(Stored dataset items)
___

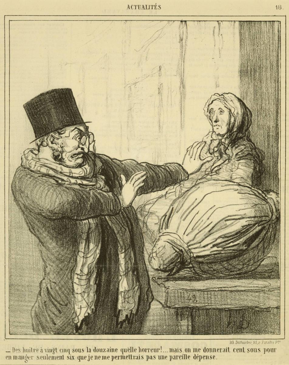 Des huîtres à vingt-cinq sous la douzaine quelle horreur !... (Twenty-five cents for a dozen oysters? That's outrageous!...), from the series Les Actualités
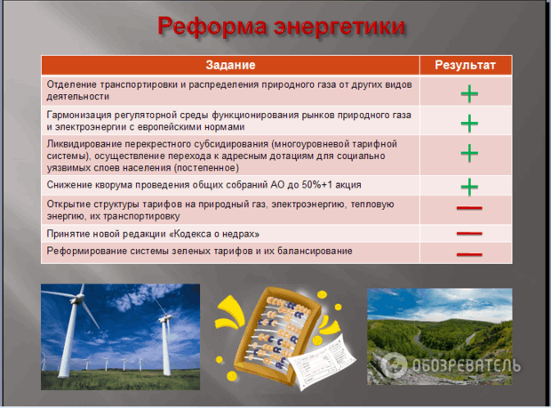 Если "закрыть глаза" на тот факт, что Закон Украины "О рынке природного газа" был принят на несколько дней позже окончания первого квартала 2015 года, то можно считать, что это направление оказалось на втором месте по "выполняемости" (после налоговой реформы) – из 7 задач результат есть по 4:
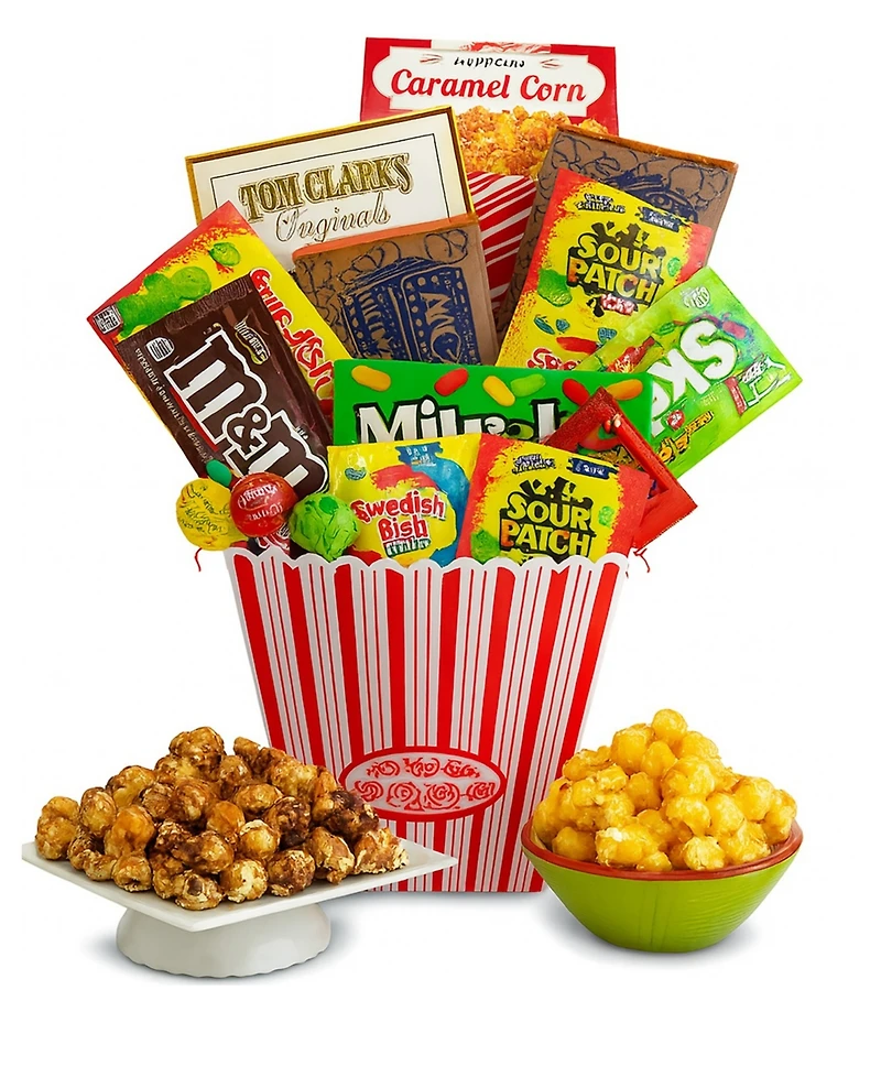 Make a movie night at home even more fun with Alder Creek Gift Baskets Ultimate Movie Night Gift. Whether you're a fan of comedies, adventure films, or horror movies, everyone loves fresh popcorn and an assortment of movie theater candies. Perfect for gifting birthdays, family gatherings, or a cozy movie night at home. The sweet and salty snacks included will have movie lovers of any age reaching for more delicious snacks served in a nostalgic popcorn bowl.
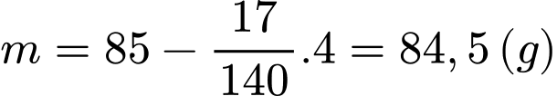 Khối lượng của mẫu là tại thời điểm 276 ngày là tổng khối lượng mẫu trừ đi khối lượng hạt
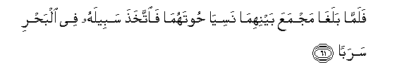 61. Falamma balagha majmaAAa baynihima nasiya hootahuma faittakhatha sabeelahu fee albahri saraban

___

Directions for this task – Copy all records exactly, no images.

Response to the exercise –
 Des huîtres à vingt-cinq sous la douzaine quelle horreur !... (Twenty-five cents for a dozen oysters? That's outrageous!...), from the series Les Actualités
 Если "закрыть глаза" на тот факт, что Закон Украины "О рынке природного газа" был принят на несколько дней позже окончания первого квартала 2015 года, то можно считать, что это направление оказалось на втором месте по "выполняемости" (после налоговой реформы) – из 7 задач результат есть по 4:
 Make a movie night at home even more fun with Alder Creek Gift Baskets Ultimate Movie Night Gift. Whether you're a fan of comedies, adventure films, or horror movies, everyone loves fresh popcorn and an assortment of movie theater candies. Perfect for gifting birthdays, family gatherings, or a cozy movie night at home. The sweet and salty snacks included will have movie lovers of any age reaching for more delicious snacks served in a nostalgic popcorn bowl.
 Khối lượng của mẫu là tại thời điểm 276 ngày là tổng khối lượng mẫu trừ đi khối lượng hạt
 61. Falamma balagha majmaAAa baynihima nasiya hootahuma faittakhatha sabeelahu fee albahri saraban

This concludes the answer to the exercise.